In Haskell, only a single notion of "function application" exists, where a
function f::t->u is passed a parameter of type t, returning a result of type
u. Example function calls are:
1+2
sin 3.14
map sin [1:2:3]
However, a higher-order notion of function application seems sensible in
many cases. For example, consider the following expressions, which Haskell
rejects, despite an "obvious" programmer intent:
cos+sin -- intent: \x->((cos x)+(sin x))
cos(sin) -- intent: \x->cos(sin(x))
(cos,sin)(1,2) -- intent: cos(1),sin(2)
(+)(1,2) -- intent: (+)(1)(2)
cos [1:2:3] -- intent: map cos [1:2:3]
>From this intuition, let's postulate that it's possible for a compiler to
automatically accept such expressions by translating them to the more
verbose "intent" listed above, using rules such as:
1. Operator calls like (+) over functions translate to lambda abstractions
as in the "cos+sin" example.
2. A pair of functions f::t->u, g::v->w acts as a single function from pairs
to pairs, (f,g)::(t,u)->(v,w).
3. Translating function calling into function composition, like "cos(sin)".
4. Automatic currying when a pair is passed to a curried function.
5. Automatic uncurrying when a function expecting a parameter of type (t,u)
is passed a single value of type t.
6. Applying a function f:t->u to a list x::[t] translates to "map f x".
I wonder, are these rules self-consistent? Are they unambiguous in all
cases? Are there other rules we can safely add?

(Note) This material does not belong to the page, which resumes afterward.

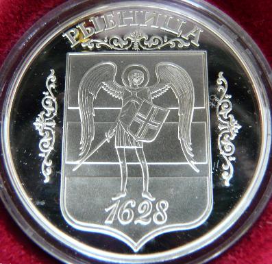 Rībniža is a town on the left bank of River Nistru, belonging to the Republic of Moldova. Nowadays it fell in the separatist zone of the Transnistrian self proclaimed Moldavian republic. At 1628 Rībniža was part of Polish kingdom, being a village inhabited by Moldavians. The coat of arms of Rībniža depicts Archangel Michael, wearing plate armor, with the sword in the right hand and with a shield in the left hand. The Orthodox church Arhangel Michael of Rībniža is depicted on two Transnistrian coins, silver 100 rubles and golden 1000 rubles, both issued in 2006.
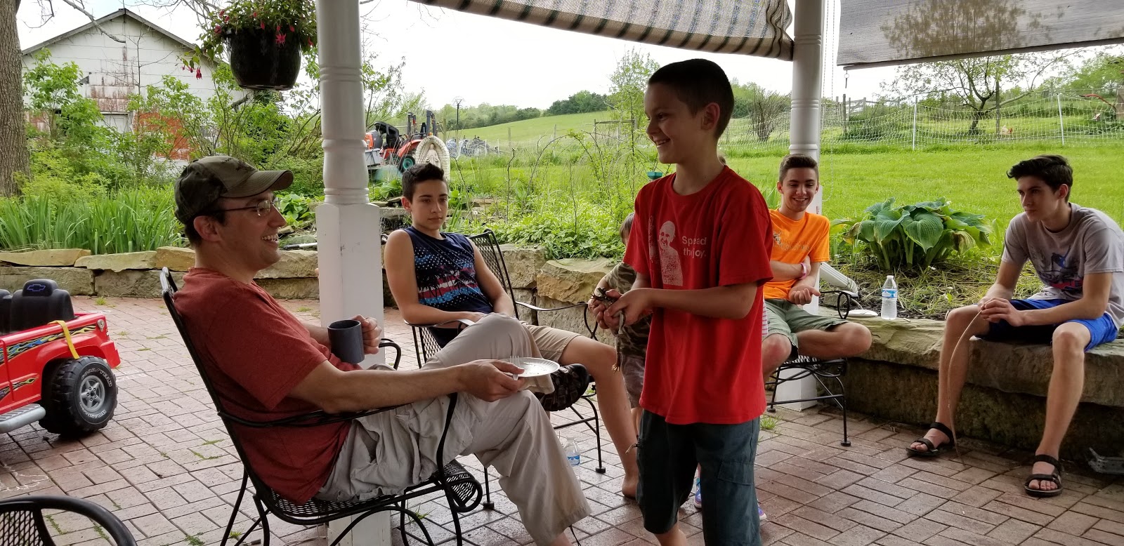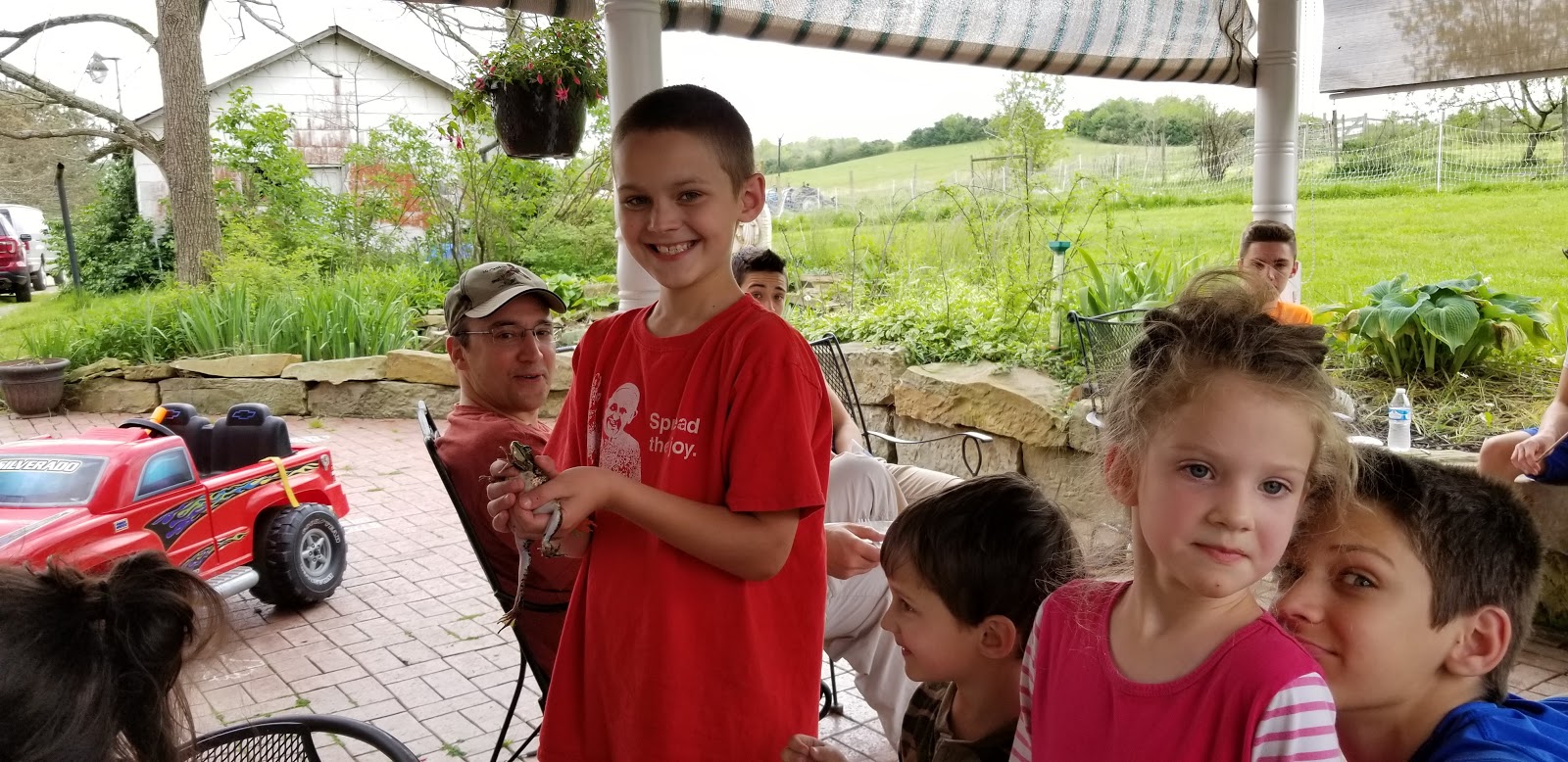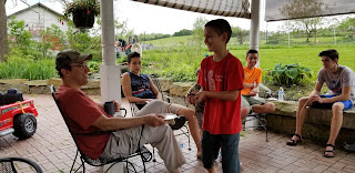 Sunday we were blessed to have Fr. (Uncle) Bill come for a visit and to enjoy coffee, cake, and ice cream with grandma and grandpa. We stayed outside on the patio with the bugs and frogs.

It also seems that every statement above is simply a new axiom at the type
checker's disposal. For example, to describe the general notion of
"cos+sin" meaning "\x->(cos(x)+sin(x))", we say:
for all types t,u,v,
for all functions f,g :: t->u,
for all functions h ::u->u->v,
h (f,g) = \x->h(f(x),g(x)).
Is this "higher order function application" a useful notion, and does any
research exist on the topic?
-Tim